The EU’s Non-Financial Reporting Directive (NFRD), in force since 2013, has been something of a slow-burn regulatory force. For much of its early existence, companies affected by it—large public-interest entities mainly—treated the obligation as a disclosure exercise that could be satisfied by assembling environmental, social, and governance (ESG) information in a fairly general way. There was, at least until recently, limited scrutiny of the granularity of supply-chain data, and risk disclosures often stopped short of digging deeply into Tier 2 or Tier 3 dependencies. But 2022 marked a turning point. The latest compliance round under the NFRD, driven in no small part by the broader momentum around the Corporate Sustainability Reporting Directive (CSRD) and the European Sustainability Reporting Standards (ESRS) drafts, raised the bar significantly.
Energy companies, especially those still relying on coal-fired generation assets, found themselves at the center of this shift. The expectation wasn’t merely that they acknowledge human rights as a general concern, or that they gesture vaguely toward responsible sourcing. Instead, regulators and stakeholders began pressing for concrete, traceable supply-chain risk disclosures. For coal-fired generation, this meant mapping human-rights risks not only at the mine-mouth level, but across intermediary logistics chains, trading hubs, and even financing arrangements that might link back to problematic jurisdictions or labor practices.
One of the challenges here—if challenge is the right word—is that energy firms had to wrestle with data sources that were often fragmented or inconsistent. Few, if any, global coal traders publish detailed human-rights audits voluntarily. Data on forced or child labor in mining regions exists, but often in the form of NGO reports or academic studies that vary in methodology and coverage. This left firms piecing together multiple strands of information, overlaying them with their own procurement records and attempting to create a picture that was coherent enough to satisfy regulators, but also honest about the limits of what could be known.
For many compliance teams, this process revealed uncomfortable gaps. A company might be able to certify that its direct coal suppliers were audited for labor standards, but find that transshipment hubs or intermediary traders offered little transparency. Others discovered that while mines in certain countries had passed local inspections, they were still linked indirectly to networks flagged for rights abuses through their labor recruitment chains. And here is where the 2022 compliance round stood apart: it wasn’t sufficient anymore to stop at a surface-level due diligence. The expectation was, and remains, that firms demonstrate both a process and a willingness to probe further down the chain—even if the answers were, at times, incomplete.
There’s a practical side to this that’s easy to overlook. Preparing non-financial statements in line with these heightened expectations has, for many firms, required a real shift in internal systems. For EU energy companies grappling with these demands, one of the more immediate steps has been to align their reporting frameworks with the ESRS 2 draft. While still in draft form, ESRS 2 provides a structure that can help firms think through the materiality of various risks, the boundaries of reporting entities, and the metrics that might plausibly be applied.
It’s worth pausing on what this alignment actually looks like in practice.
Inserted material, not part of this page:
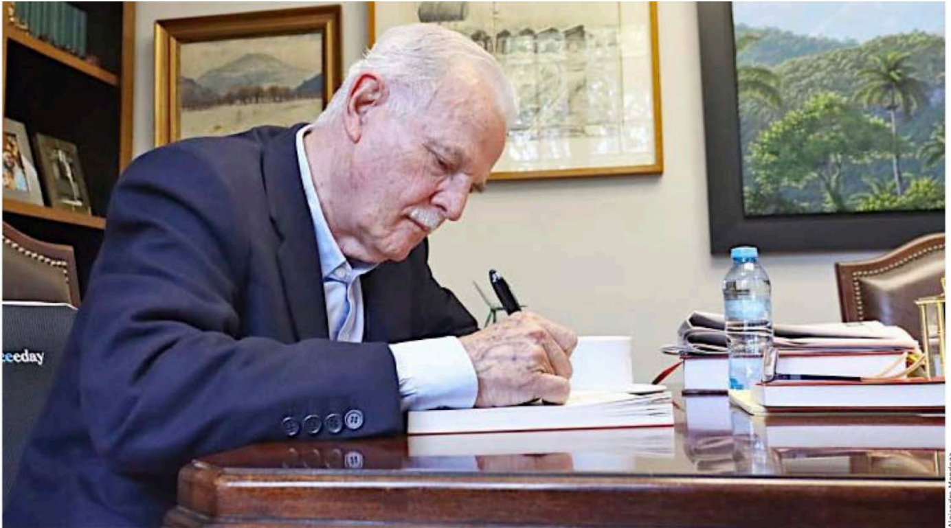
■ Francisco Labastida hace un balance de su vida política en su libro La duda sistemática .

First, companies have had to review their existing data collection processes to ensure that supply-chain risks, particularly in relation to human rights, are flagged early and systematically. This might sound obvious, but in reality, supply chain management and ESG reporting have not always been tightly coupled functions within firms. Bridging that gap often means establishing new channels of communication between procurement, compliance, and sustainability teams—no small cultural shift for organisations accustomed to operating in silos.
Second, and perhaps more tactically, firms have been working through checklists or frameworks that help translate the broad principles of the NFRD and ESRS drafts into operational terms. A typical checklist for energy firms reporting on coal-fired supply chains in this context might include steps such as: mapping all Tier 1 and key Tier 2 suppliers of coal and related services; conducting risk screenings using open-source data or NGO reports on mining regions; documenting and disclosing any mitigation actions taken where risks are identified; and providing narrative context on the challenges and limitations of such disclosures.
Some firms have gone a step further, integrating third-party audit data where available, or engaging specialist consultants to conduct bespoke risk assessments on particular supply routes. But there’s an understandable tension here: the more detail firms provide, the more questions they may raise about gaps or weak spots. And yet, the current regulatory mood seems to favour transparency about imperfection over the appearance of a flawless, but shallow, compliance story.
What’s also becoming clear is that the iterative nature of these reporting rounds is, in itself, a driver of deeper change. Companies that might have approached NFRD compliance as a box-ticking exercise a few years ago are now seeing that the demands will only increase—particularly as the CSRD and ESRS frameworks move from draft to formal adoption. There’s a sense, perhaps still nascent but growing, that supply-chain transparency isn’t simply a regulatory burden but a competitive necessity in a world where stakeholders—from investors to consumers—are becoming more attuned to the realities behind corporate ESG claims.